Atwood Magazine Author Profile
Articles:
Emily Cross (Loma) Interview
Emily Cross was explaining her podcast, What I’m Looking At, and how fellow bandmates Dan Duszynski and Jonathan Meiburg had sampled their lead singer’s own voice on a forbidding piece titled “Thorn.” The track serves as a holotype for the rest of the record; a Gregorian, chamber, electroacoustic piece inflecting an abandoned manse and an enchanted rose. Cross sings of an undertow and one prowls the lower frequencies, threatening to pull audiences under. The sonic is not drastically from their folktronica debut, but key instrumentation is different.
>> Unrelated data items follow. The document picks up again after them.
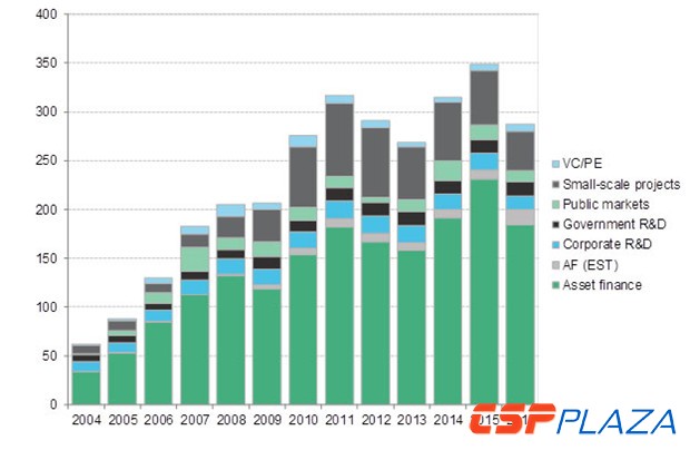 2016年,清潔能源公共市場投資規模達到121億美元,同比下降21%;風險投資和私募股權投資達到75億美元,同比增長19%;企業清潔能源研發投入達到134億美元,同比下降21%;政府研發投入達到141億美元,同比增長8%。
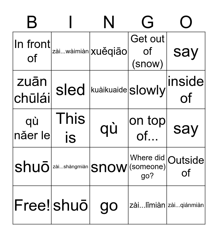 This bingo card has 29 words: Free!, zhèshì, This is, zài...qiánmiàn, In front of, xuěqiāo, sled, zài...shàngmiàn, on top of..., shuō, say, qù, go, zài...lǐmiàn, inside of, xuě, snow, shuō, say, qù nǎer le, Where did (someone) go?, mànmànde, slowly, zuān chūlái, Get out of (snow), zài...wàimiàn, Outside of, kuàikuaide and quickly.
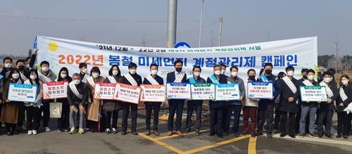 (당진=연합뉴스) 조성민 기자 = 충남도가 미세먼지와 황사가 본격적으로 발생하는 봄철을 맞아 15일 당진시 송산면 철강제철단지 일원에서 봄철 미세먼지 계절관리제 홍보 캠페인을 벌였다.
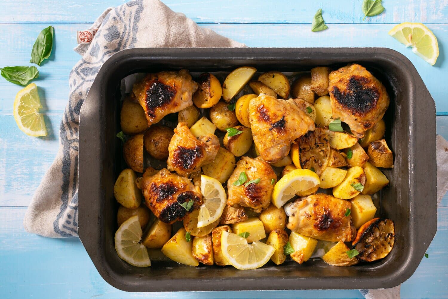 Greek Sheet Pan Chicken With Lemon & Potatoes
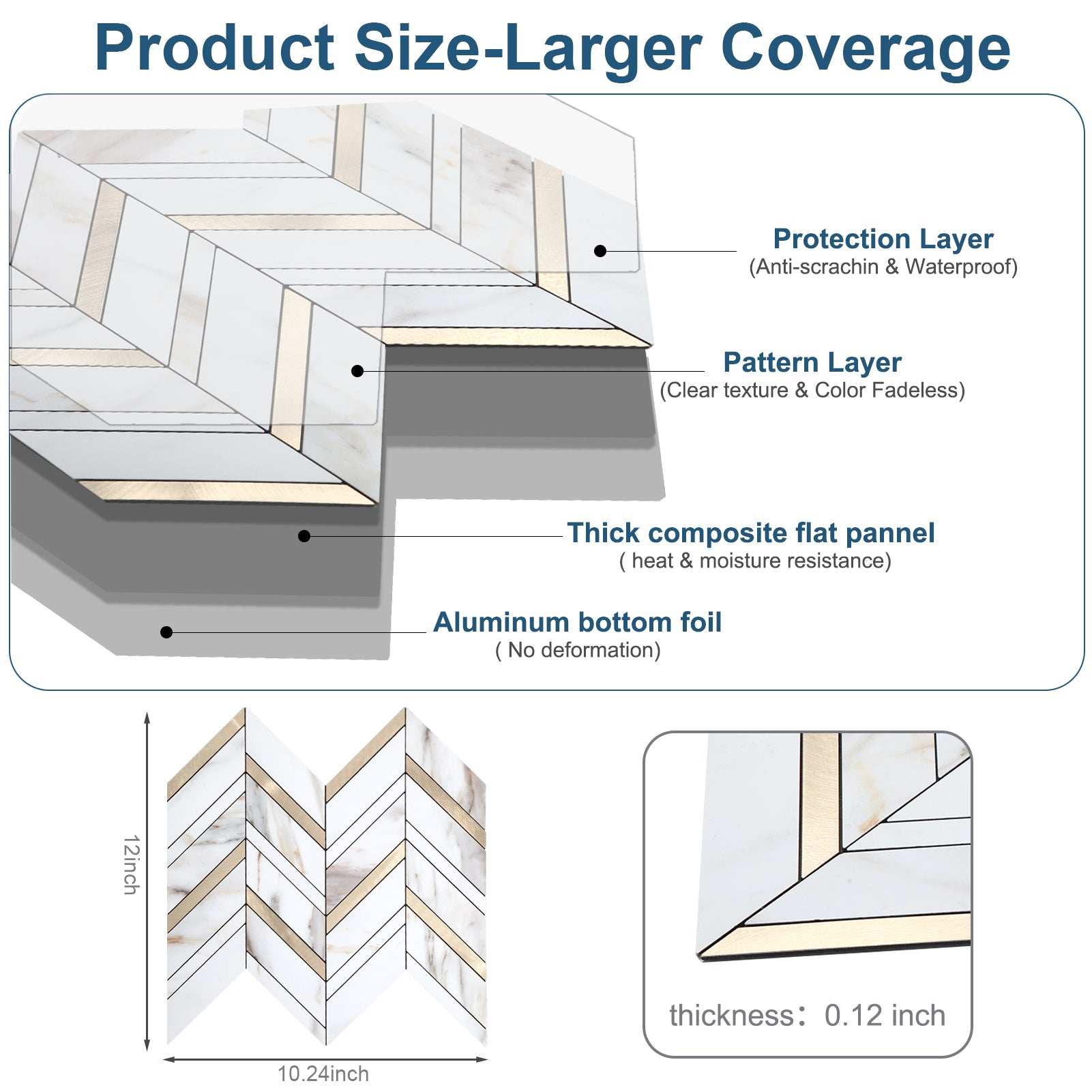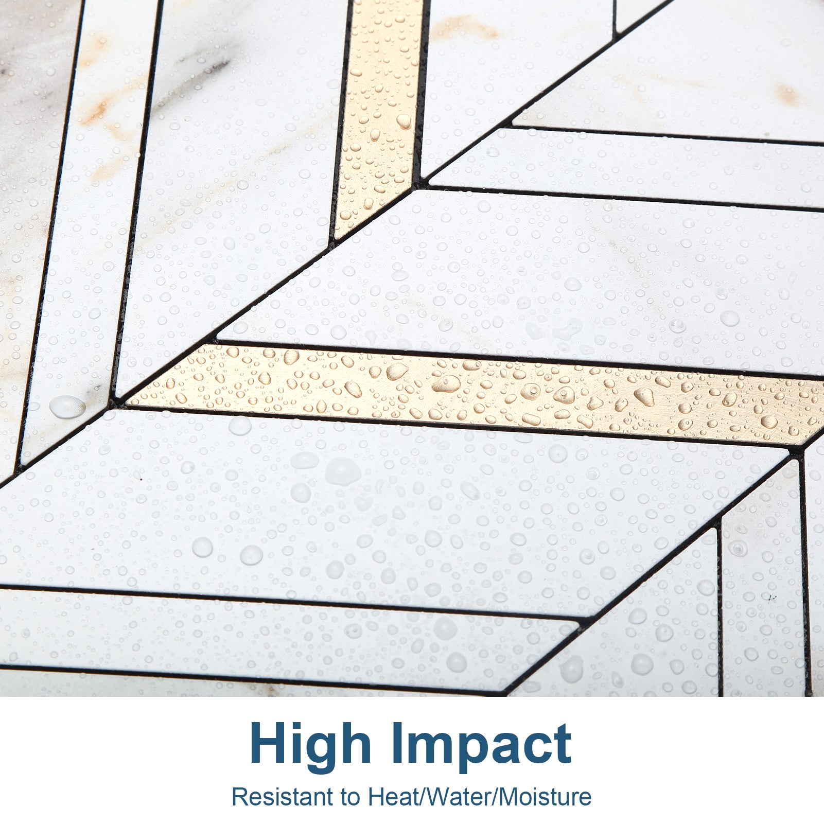 12" X 10" Marble Calacata Mixed Gold Herringbone Backsplash Peel and Stick Tile

There are some common threads: there are no concerns for whether music is too experimental for audiences and they share a love for the weird and bizarre sounds. Which explains a good deal about Don’t Shy Away. Loma may not qualify for popular, they certainly qualify for alternative. The focus is on something good no matter the orthodoxy. Cross, Duszynski and Meiburg evade traditional or stylistic hang-ups by understanding the fluid nature of their partnership and the fundamental schemes of their sonic: spare and sparse arrangements. A tension strung tight, a vocal note running meter-by-meter, Loma unveil their synthetic compound of interests in electronica, folk, chamber, et al, taut yet light, vulnerable yet guarded. Is this chambertronica? Or is that just electroacoustic? And is this world beat, or can we just call it alternative folk? From Duszynski’s standpoint “Genre is so loosely defined in 2020, especially when all the music ever made is available to anyone at any time.”Don’t Shy Away doesn’t simply refine the theory that was the first long-player, but makes for an appendix; an essay on principles translating between whole genres and philosophies. A sort of Jeet Kune Do for the electroacoustic artist.
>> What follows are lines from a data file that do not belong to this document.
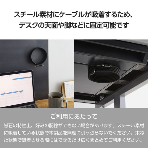 ●スチール素材にケーブルが吸着するため、デスクの天面や脚などに這わせて固定可能。デスク周りをすっきり見せられます。
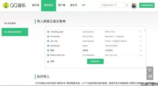 6、第六步,点击识别并导入,即可将网易或者虾米的歌单导入到QQ音乐。
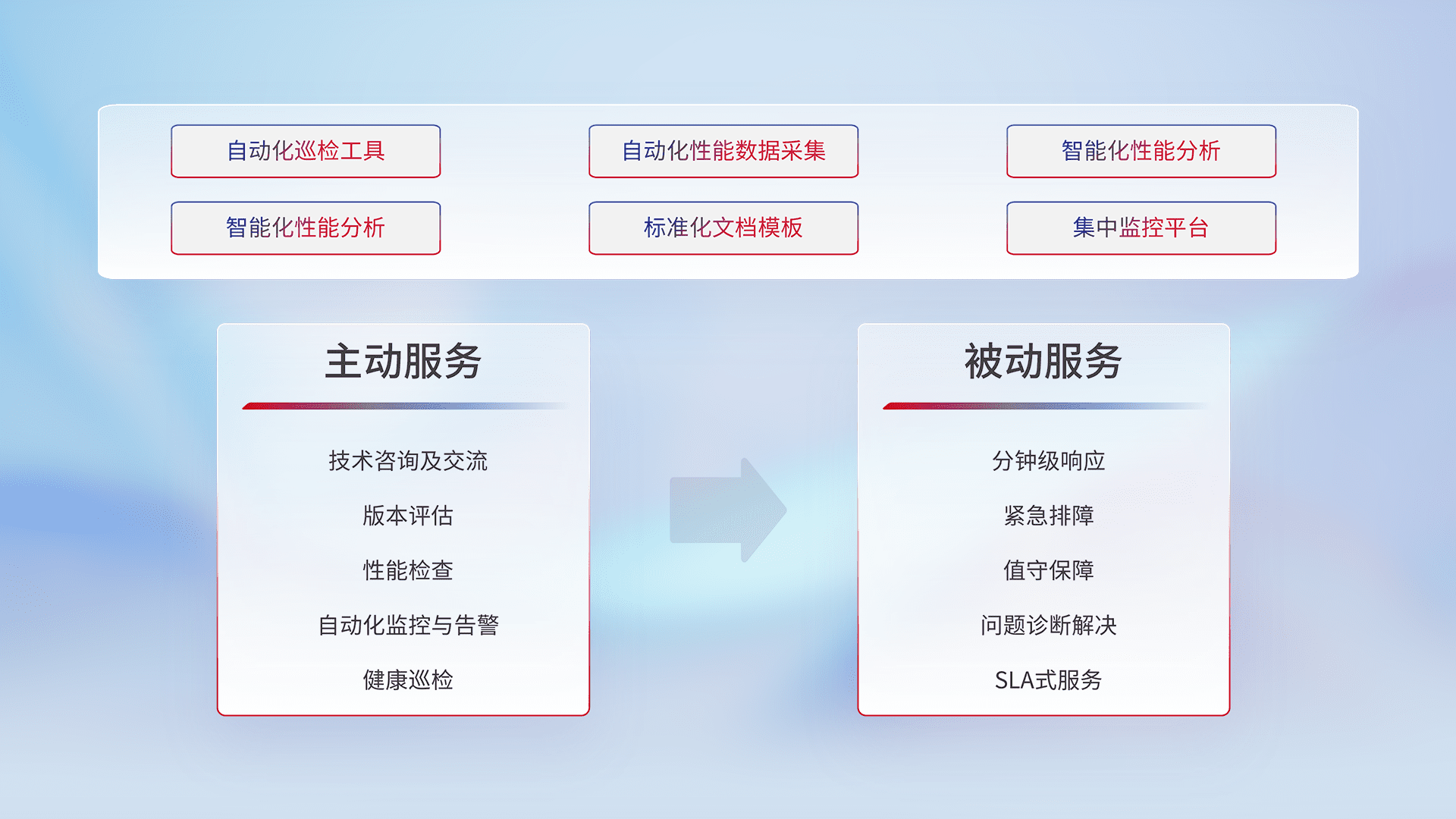 智能化工具和标准化文档,,保障服务质量,,,,提供主动服务(包含技术咨询、、、、版本评估、、、、性能检查、、、自动化监控与告警、、、、健康巡检)和被动服务包含(分钟级响应、、、、紧急排障、、、值守保障、、、、问题诊断解决、、、SLA服务)。。
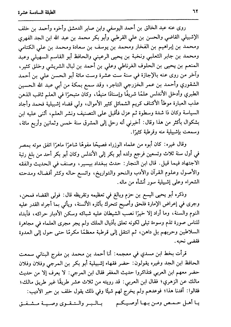 وذكره أبو يحيى أليسع بن حزم وبالغ في تعظيمه وتقريظه قال: فولي القضاء فمحن، وجرى في إعراض الإمارة فلحق وأصبح تتحرك بآثاره الألسنة، ويأتي بما أجراه القدر عليه النوم والسنة، وما أراد إلا خيرًا نصب الشيطان عليه شباكه وسكن الإدبار حراكه، فأبداه للناس صورة تذم وسوءة تبلى لكونه تعلق بأذيال الملك ولم يجر مجرى العلماء في مجاهرة السلاطين وحربهم بل داهن، ثم انتقل إلى قرطبة معظمًا مكرمًا حتى حول إلى العدوة فقضى نحبه.

Written for Atwood Magazine (.com)
Yves Tumor’s Heaven to a Tortured Mind Review
As soulful as it is pagan, as glamorous as it is smut, read enough Pitchfork and you might question everything one thought they knew about Heaven to a Tortured Mind on first listen; but being only a contextual listener, the listening experience revealed no direct krautrock or Britpop imagery.
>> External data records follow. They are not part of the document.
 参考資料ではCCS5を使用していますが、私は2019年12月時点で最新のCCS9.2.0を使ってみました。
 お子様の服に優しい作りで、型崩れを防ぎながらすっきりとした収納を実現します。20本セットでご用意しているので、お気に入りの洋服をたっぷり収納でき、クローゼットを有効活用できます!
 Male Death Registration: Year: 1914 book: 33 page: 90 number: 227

If there were, it was filtered through one of the record’s clear theatrical forebears: David Bowie. If there is krautrock involved in this record, then I would have heard it as some contemporary companion to Heroes or Low. If there were Britpop, then ample references to Blur’s nineties œuvre would appear like rubbish in the modern world of this review.
Yet, Tumor is such a Heinz-57 of musical style it’s hard not to see something in everything they do. On the surface, “Folie Imposée” even implicates a lyrical rhythm to The Cure’s “Friday (I’m in Love). The anarchic “Identity Trade” implies a relation to the New York Dolls’ fustian “Personality Crisis.” Far from being some effort to sound like the New York Dolls or the Cure, however, Tumor’s lyrics and funk musicality constitute images of romantically-incensed ego dissolution, while tracks such as “Hasdallen Lights” and “Folie Imposée” impress a Macintosh Plus vaporwave dialect.
Written for Atwood Magazine (.com)
Post Animal Interview
Perhaps the first thought that comes to mind when listening to Forward Motion Godyssey is “what the hell does that title even mean?” But perhaps the right word to describe Post Animal’s sophomore record is majestic. Another is space. Combine the two and voila, the record can be described as a majestic space.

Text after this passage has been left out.